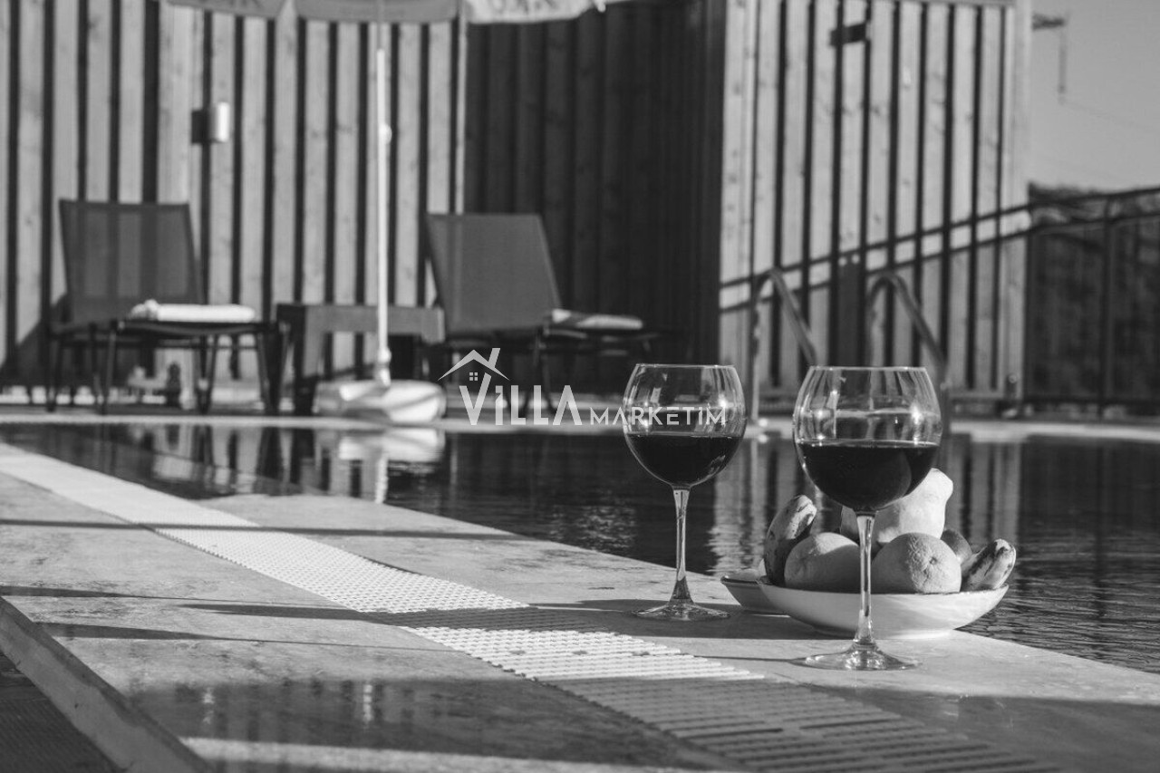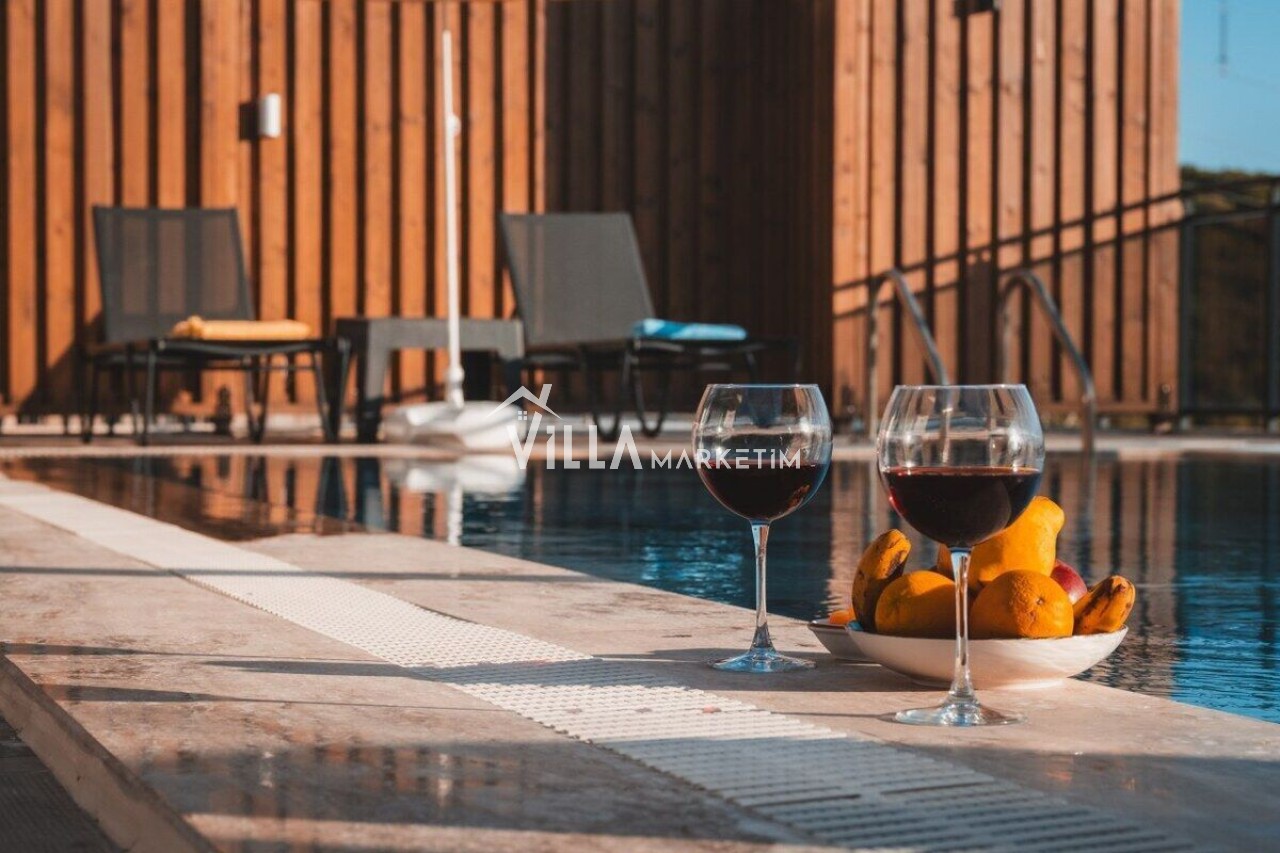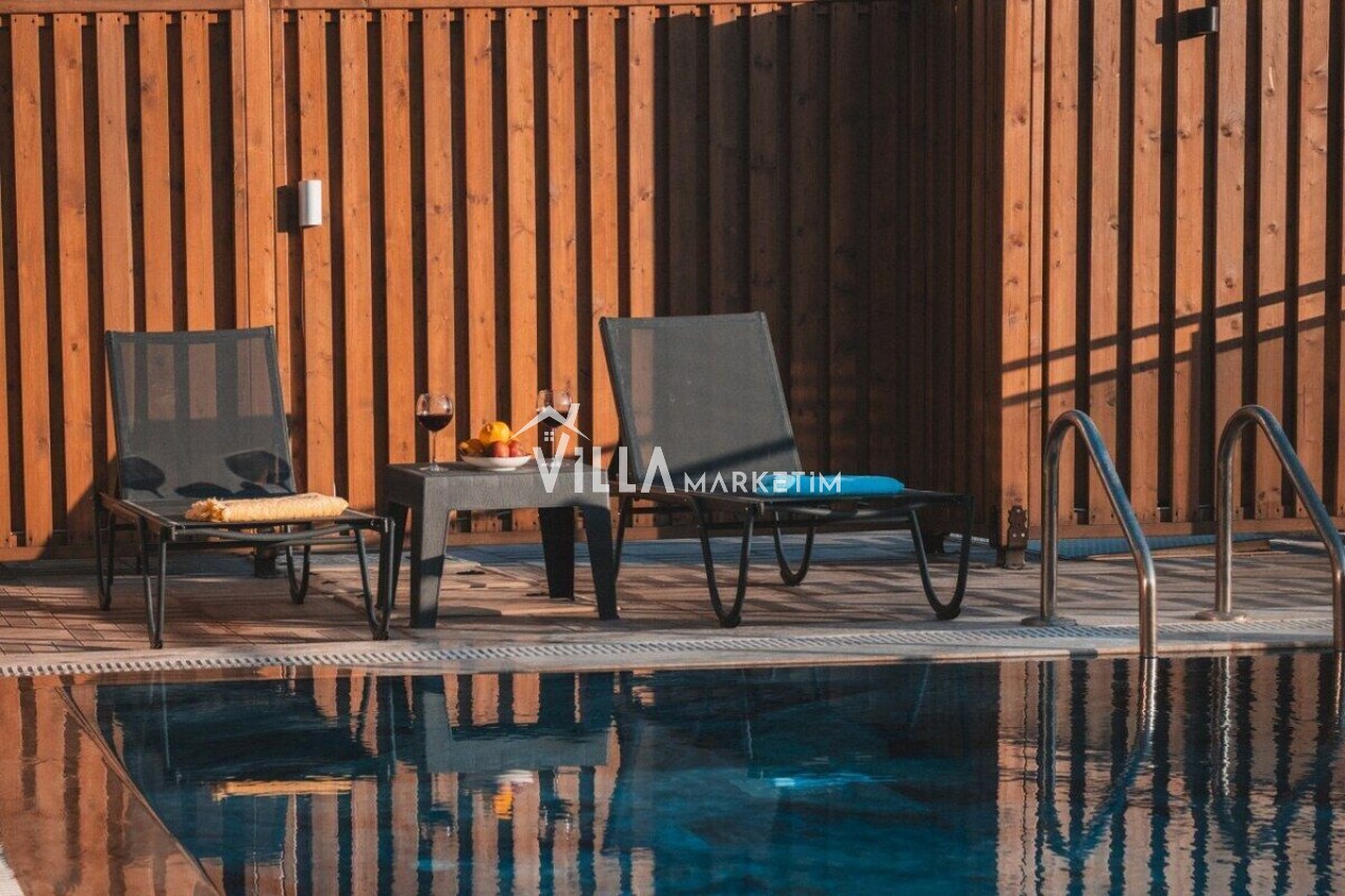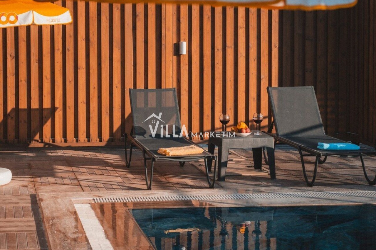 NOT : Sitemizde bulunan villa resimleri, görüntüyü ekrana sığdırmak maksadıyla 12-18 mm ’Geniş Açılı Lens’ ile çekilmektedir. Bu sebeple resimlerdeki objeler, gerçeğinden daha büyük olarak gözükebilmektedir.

◆ ◆ ◆ ◆ ◆

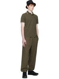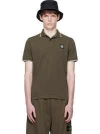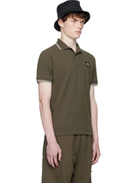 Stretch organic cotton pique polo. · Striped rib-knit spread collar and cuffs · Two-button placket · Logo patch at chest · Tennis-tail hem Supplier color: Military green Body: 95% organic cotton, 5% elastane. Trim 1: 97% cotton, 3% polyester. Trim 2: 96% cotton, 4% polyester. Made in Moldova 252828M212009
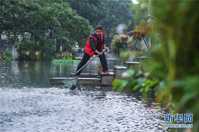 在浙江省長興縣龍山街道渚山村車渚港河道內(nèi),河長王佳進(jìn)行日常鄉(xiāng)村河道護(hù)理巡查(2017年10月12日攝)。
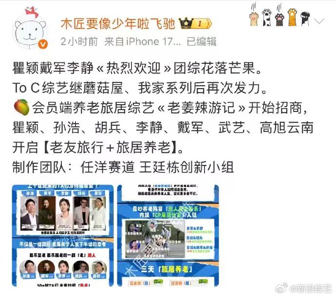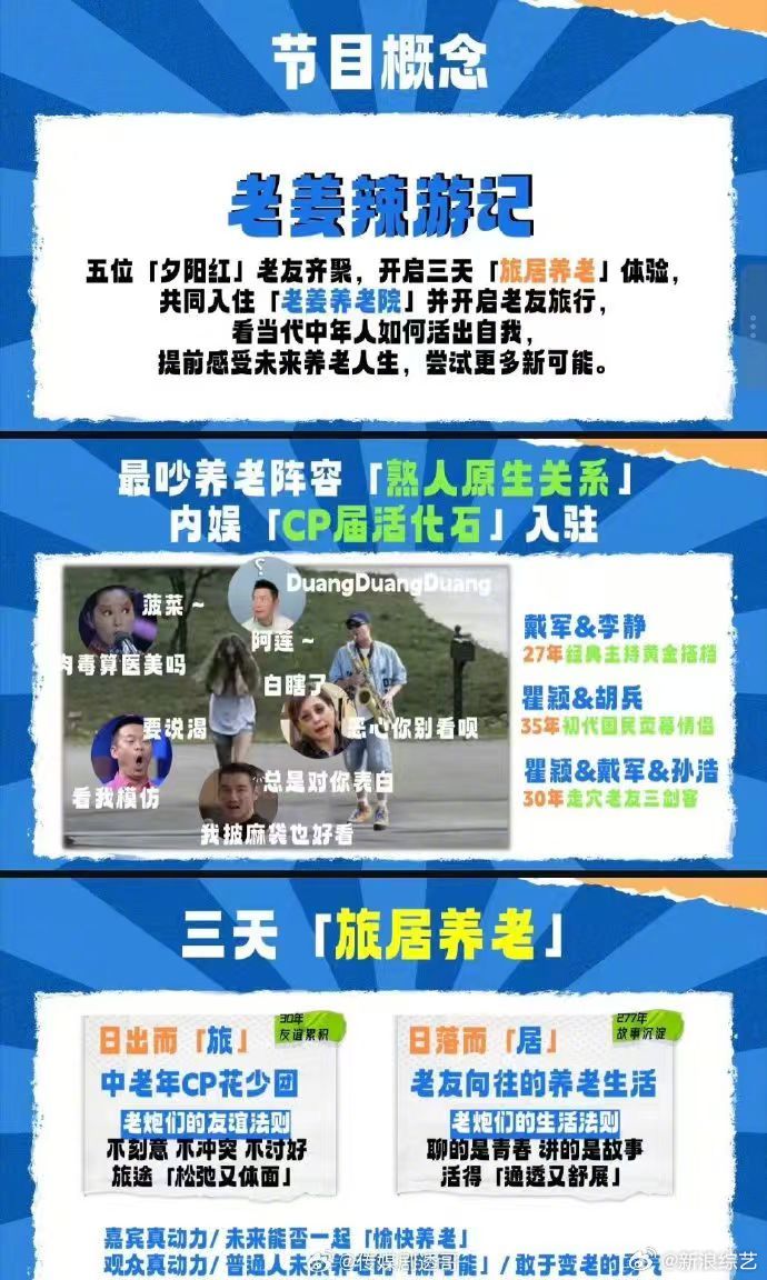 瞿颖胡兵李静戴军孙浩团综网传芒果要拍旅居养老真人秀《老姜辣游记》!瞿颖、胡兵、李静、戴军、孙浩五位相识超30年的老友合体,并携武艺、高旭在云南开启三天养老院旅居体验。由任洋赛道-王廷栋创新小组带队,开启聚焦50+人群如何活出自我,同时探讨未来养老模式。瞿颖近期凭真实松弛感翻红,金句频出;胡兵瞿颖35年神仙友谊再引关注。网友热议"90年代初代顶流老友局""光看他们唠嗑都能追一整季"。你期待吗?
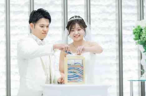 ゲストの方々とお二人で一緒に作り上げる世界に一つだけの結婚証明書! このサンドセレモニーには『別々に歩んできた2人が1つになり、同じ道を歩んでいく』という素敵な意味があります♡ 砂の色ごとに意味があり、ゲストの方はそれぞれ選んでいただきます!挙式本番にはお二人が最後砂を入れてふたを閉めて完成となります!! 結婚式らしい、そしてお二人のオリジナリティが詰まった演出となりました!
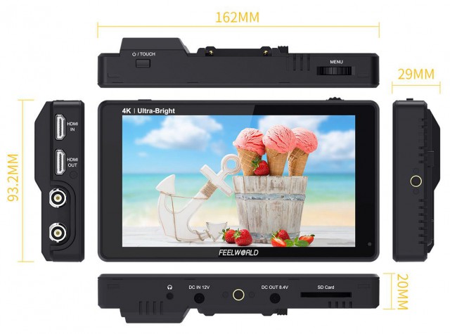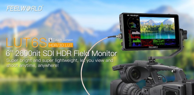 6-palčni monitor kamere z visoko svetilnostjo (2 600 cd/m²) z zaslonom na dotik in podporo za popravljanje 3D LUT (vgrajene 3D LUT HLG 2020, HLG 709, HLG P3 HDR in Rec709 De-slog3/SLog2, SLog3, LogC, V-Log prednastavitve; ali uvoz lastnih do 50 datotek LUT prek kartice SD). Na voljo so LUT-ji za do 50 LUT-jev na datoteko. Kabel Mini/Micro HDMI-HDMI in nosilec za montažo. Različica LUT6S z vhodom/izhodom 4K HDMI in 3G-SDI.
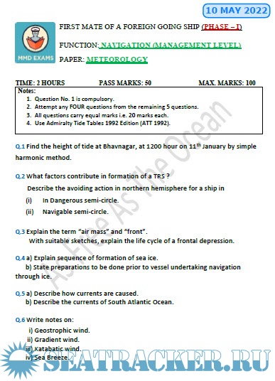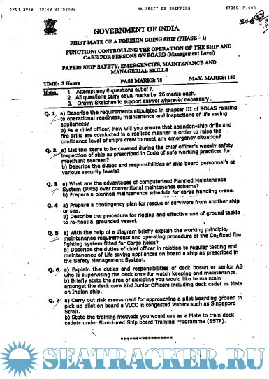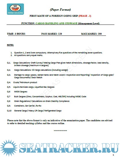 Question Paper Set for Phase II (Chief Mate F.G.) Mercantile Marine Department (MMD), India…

◆ ◆ ◆ ◆ ◆

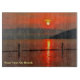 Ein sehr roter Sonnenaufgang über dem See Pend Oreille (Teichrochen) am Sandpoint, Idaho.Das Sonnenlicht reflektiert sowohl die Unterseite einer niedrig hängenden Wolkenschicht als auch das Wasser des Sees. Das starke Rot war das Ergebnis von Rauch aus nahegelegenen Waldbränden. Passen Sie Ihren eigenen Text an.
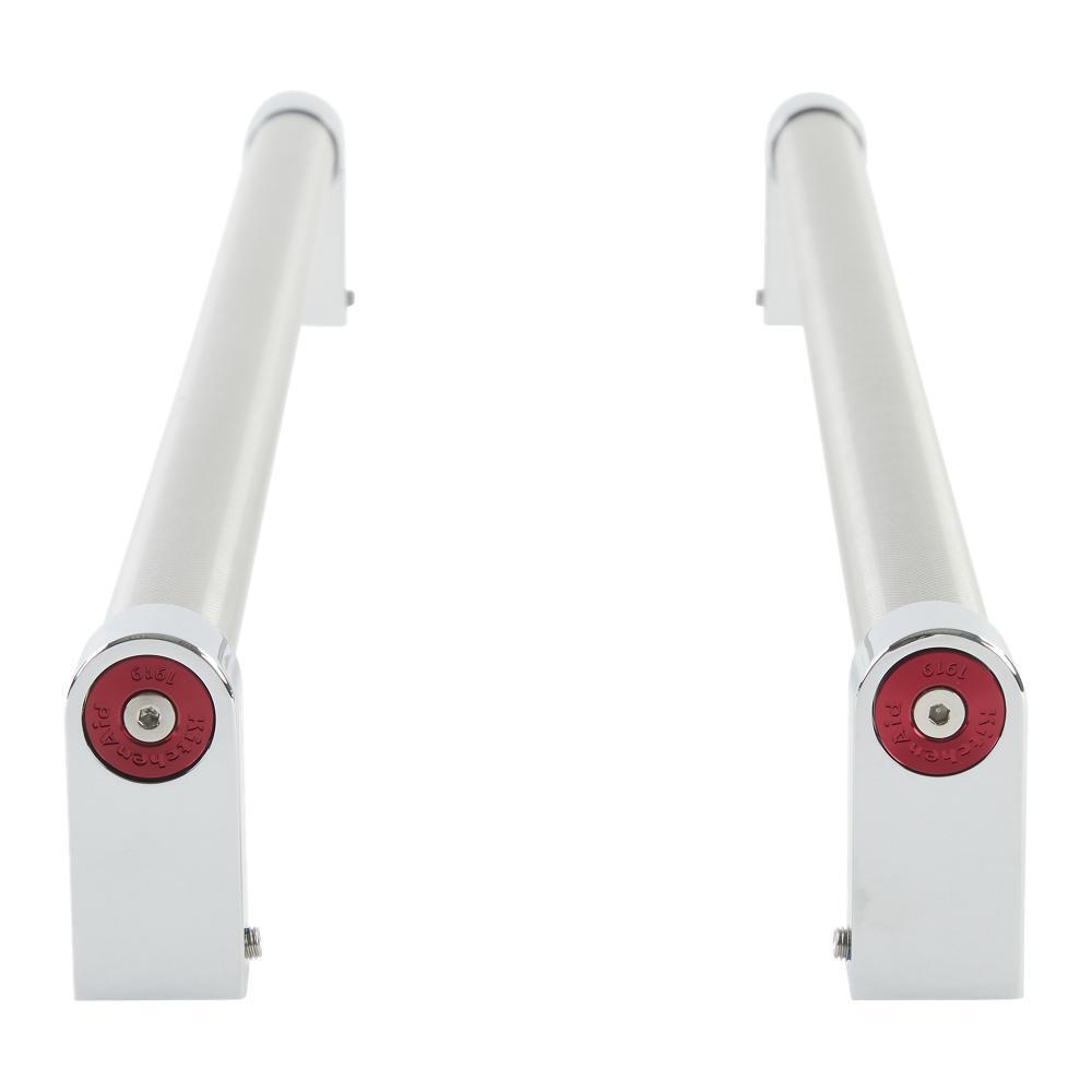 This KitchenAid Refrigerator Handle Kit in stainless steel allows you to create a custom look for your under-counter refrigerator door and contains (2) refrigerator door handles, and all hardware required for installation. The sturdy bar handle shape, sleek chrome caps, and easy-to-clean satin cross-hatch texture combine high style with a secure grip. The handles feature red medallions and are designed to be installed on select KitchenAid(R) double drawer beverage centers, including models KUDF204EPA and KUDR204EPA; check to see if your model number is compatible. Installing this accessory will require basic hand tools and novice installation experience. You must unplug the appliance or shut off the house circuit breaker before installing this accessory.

◆ ◆ ◆ ◆ ◆

• [ASSIGNED TASK] Return only the stretch above from the line containing "在浙江省長興縣龍山街道渚山村" through the line containing "Question Paper Set", word for word and without pictures.

• [OUTPUT]
 在浙江省長興縣龍山街道渚山村車渚港河道內(nèi),河長王佳進(jìn)行日常鄉(xiāng)村河道護(hù)理巡查(2017年10月12日攝)。
 瞿颖胡兵李静戴军孙浩团综网传芒果要拍旅居养老真人秀《老姜辣游记》!瞿颖、胡兵、李静、戴军、孙浩五位相识超30年的老友合体,并携武艺、高旭在云南开启三天养老院旅居体验。由任洋赛道-王廷栋创新小组带队,开启聚焦50+人群如何活出自我,同时探讨未来养老模式。瞿颖近期凭真实松弛感翻红,金句频出;胡兵瞿颖35年神仙友谊再引关注。网友热议"90年代初代顶流老友局""光看他们唠嗑都能追一整季"。你期待吗?
 ゲストの方々とお二人で一緒に作り上げる世界に一つだけの結婚証明書! このサンドセレモニーには『別々に歩んできた2人が1つになり、同じ道を歩んでいく』という素敵な意味があります♡ 砂の色ごとに意味があり、ゲストの方はそれぞれ選んでいただきます!挙式本番にはお二人が最後砂を入れてふたを閉めて完成となります!! 結婚式らしい、そしてお二人のオリジナリティが詰まった演出となりました!
 6-palčni monitor kamere z visoko svetilnostjo (2 600 cd/m²) z zaslonom na dotik in podporo za popravljanje 3D LUT (vgrajene 3D LUT HLG 2020, HLG 709, HLG P3 HDR in Rec709 De-slog3/SLog2, SLog3, LogC, V-Log prednastavitve; ali uvoz lastnih do 50 datotek LUT prek kartice SD). Na voljo so LUT-ji za do 50 LUT-jev na datoteko. Kabel Mini/Micro HDMI-HDMI in nosilec za montažo. Različica LUT6S z vhodom/izhodom 4K HDMI in 3G-SDI.
 Question Paper Set for Phase II (Chief Mate F.G.) Mercantile Marine Department (MMD), India…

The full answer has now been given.